_WHAT IS BEING ASKED_.
Only one span of the material below is wanted. Output it exactly, from the line with "الجراحات البسيطة |" through the line with "Screen allowing you", without any pictures.

_GIVEN INFORMATION_.
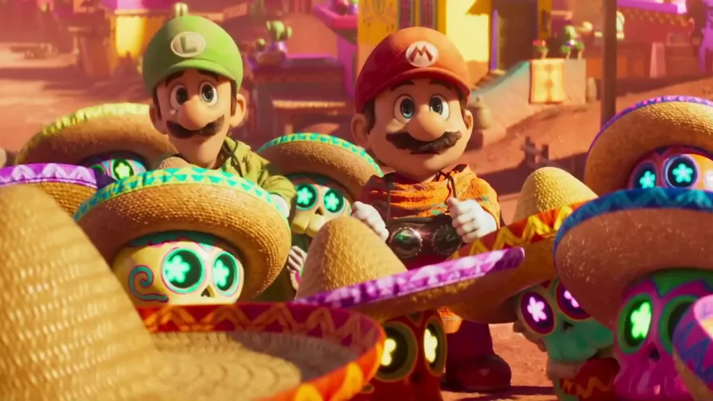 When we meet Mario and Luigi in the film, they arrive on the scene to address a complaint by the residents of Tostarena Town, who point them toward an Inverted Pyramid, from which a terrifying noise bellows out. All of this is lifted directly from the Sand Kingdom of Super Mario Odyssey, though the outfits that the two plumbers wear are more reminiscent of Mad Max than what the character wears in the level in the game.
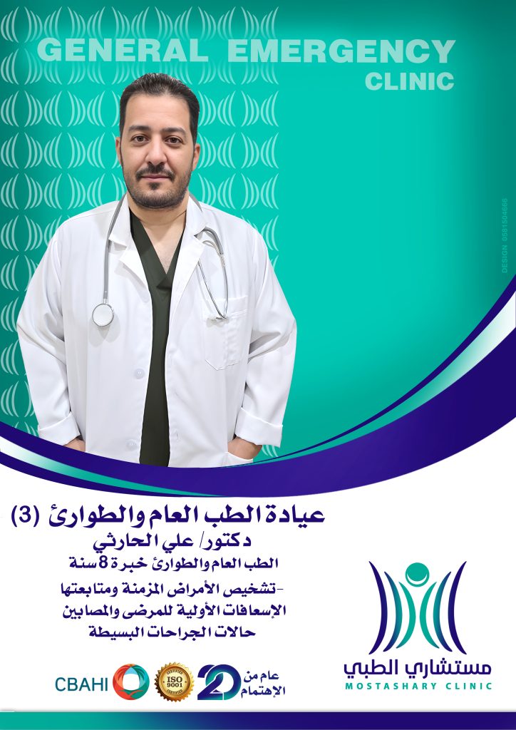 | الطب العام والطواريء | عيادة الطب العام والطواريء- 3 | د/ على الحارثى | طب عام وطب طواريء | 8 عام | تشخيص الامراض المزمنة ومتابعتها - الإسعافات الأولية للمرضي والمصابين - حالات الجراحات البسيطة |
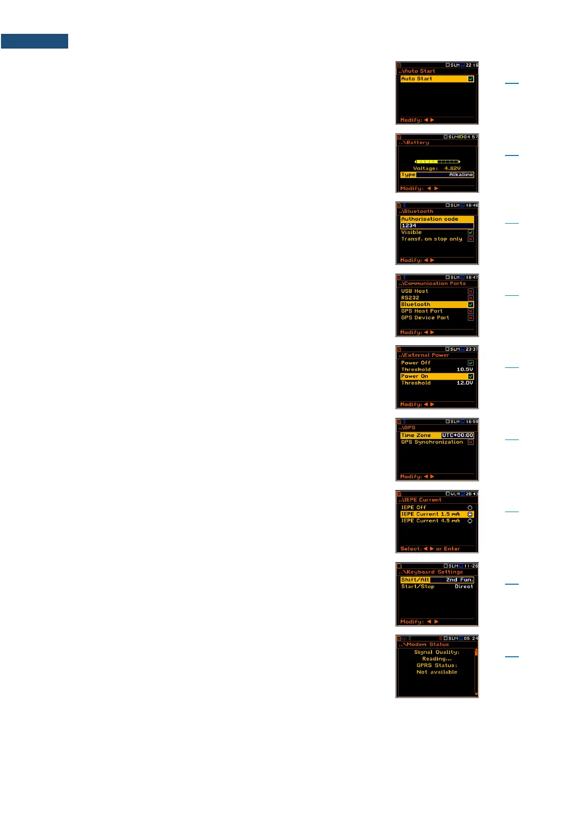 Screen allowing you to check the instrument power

---

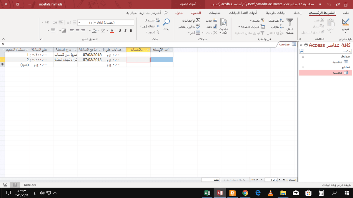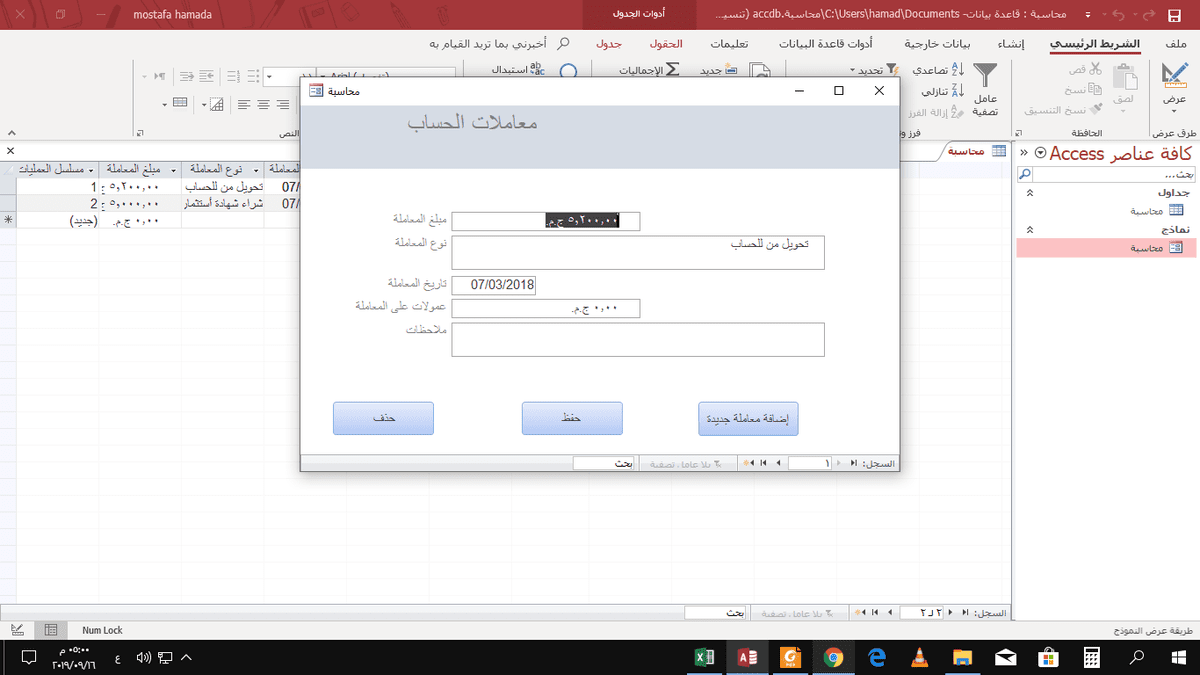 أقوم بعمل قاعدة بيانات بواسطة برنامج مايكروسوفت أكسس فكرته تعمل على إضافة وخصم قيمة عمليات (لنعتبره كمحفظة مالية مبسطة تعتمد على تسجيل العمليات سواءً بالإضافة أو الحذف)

_ANSWER BELOW_.
 | الطب العام والطواريء | عيادة الطب العام والطواريء- 3 | د/ على الحارثى | طب عام وطب طواريء | 8 عام | تشخيص الامراض المزمنة ومتابعتها - الإسعافات الأولية للمرضي والمصابين - حالات الجراحات البسيطة |
 Screen allowing you to check the instrument power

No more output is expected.